Data provided:
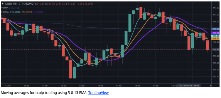 단기 트레이딩 또는 스캘핑은 짧은 주기로 매일 여러 차례 주문을 내는 것을 말합니다. 스캘핑을 하려면 아주 짧은 기간의 이동평균선을 사용하는 것이 좋습니다. ‘5-8-13 EMA’ 전략은 아주 작은 가격 변동에도 대응할 수 있습니다.
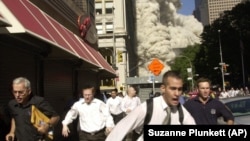 Люди, оказавшиеся в зоне падения обломков башен, спасались бегством.
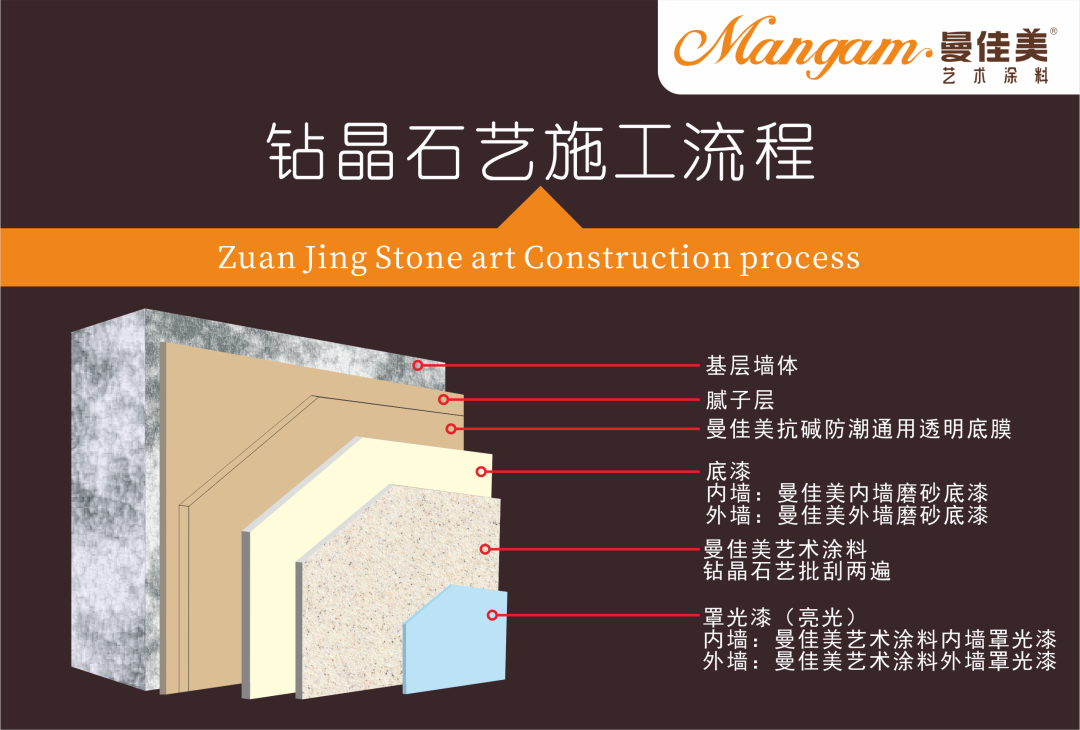 鉆晶石藝是一款由高級柔性丙烯酸乳液和精選優(yōu)質(zhì)彩砂,配以高品質(zhì)助劑調(diào)制而成,融合了真石漆和質(zhì)感涂料優(yōu)點的砂壁狀高級裝飾涂料,也是曼佳美藝術(shù)涂料的新系列。精選彩砂的砂粒內(nèi)部結(jié)構(gòu)呈現(xiàn)多孔疏松,其結(jié)構(gòu)對吸收乳液混合物有極大的幫助,加上砂粒內(nèi)部疏松排布鏈狀相連能使乳液充分滲透到涂層,成膜后表面更加精密耐候。
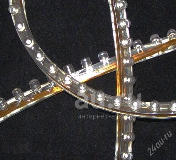 Вся лента залита толстым слоем силикона, который не только полностью изолирует её от внешней среды, но и выдерживает значительные удары. С обеих сторон ленты имеются провода.
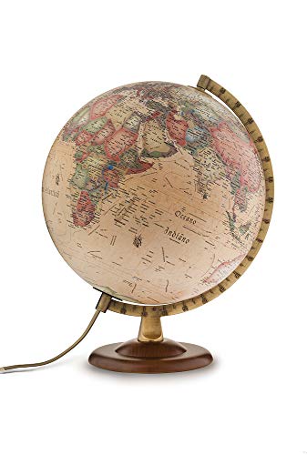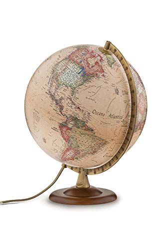 - Stile Antico: Per chi ama un'estetica più vintage e calda, questa versione è perfetta. La cartografia richiama le mappe di un tempo, con colori seppiati e un design classico, pur mantenendo informazioni geografiche aggiornate. Anche in questo caso, la luce interna crea un'atmosfera suggestiva, rendendolo un perfetto punto luce per uno studio o un salotto.
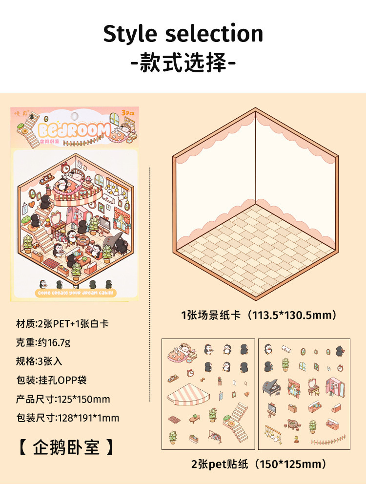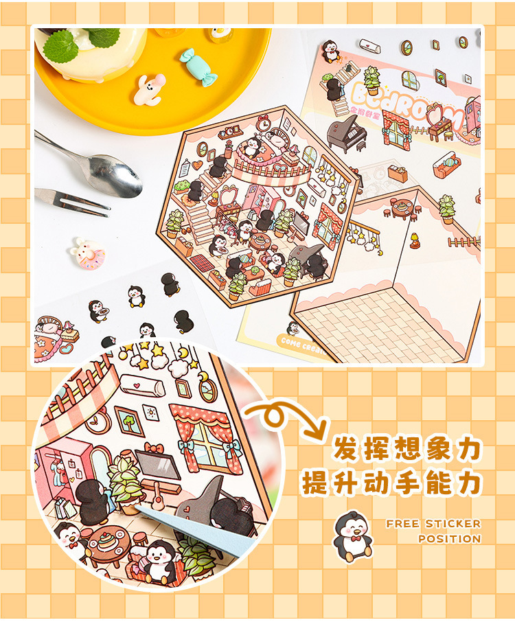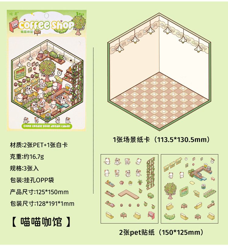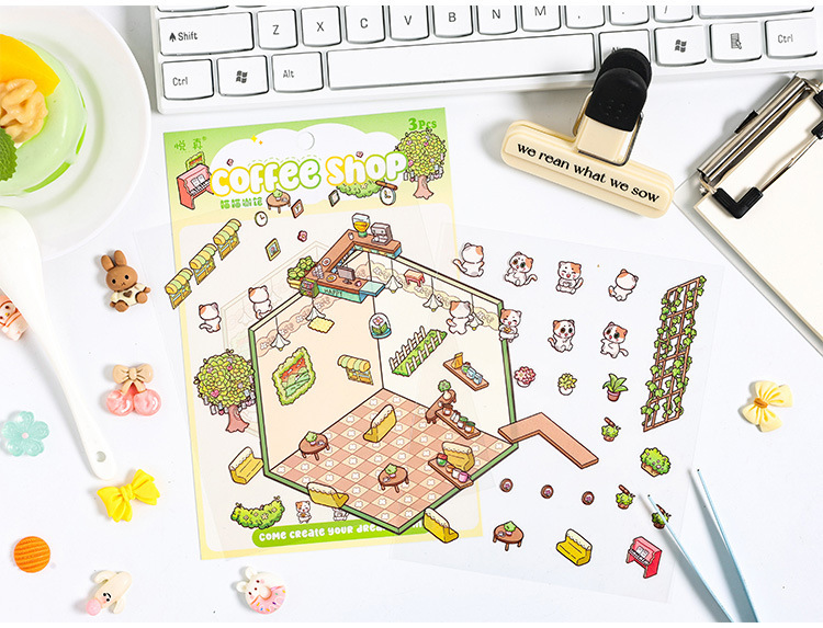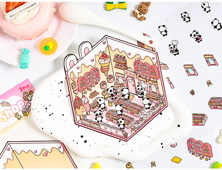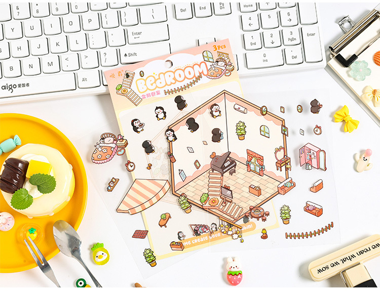 Dream Cabin 3D paisaje tridimensional pegatinas pet diy creativo miniatura dibujos animados contabilidad decoración escenas pegatinas de acertijo

Task prompt: The reply should consist only of the lines running from the one with "- Stile Antico: Per" through the end of the material, both included, copied exactly; please omit pictures.

Reply to the exercise:
 - Stile Antico: Per chi ama un'estetica più vintage e calda, questa versione è perfetta. La cartografia richiama le mappe di un tempo, con colori seppiati e un design classico, pur mantenendo informazioni geografiche aggiornate. Anche in questo caso, la luce interna crea un'atmosfera suggestiva, rendendolo un perfetto punto luce per uno studio o un salotto.
 Dream Cabin 3D paisaje tridimensional pegatinas pet diy creativo miniatura dibujos animados contabilidad decoración escenas pegatinas de acertijo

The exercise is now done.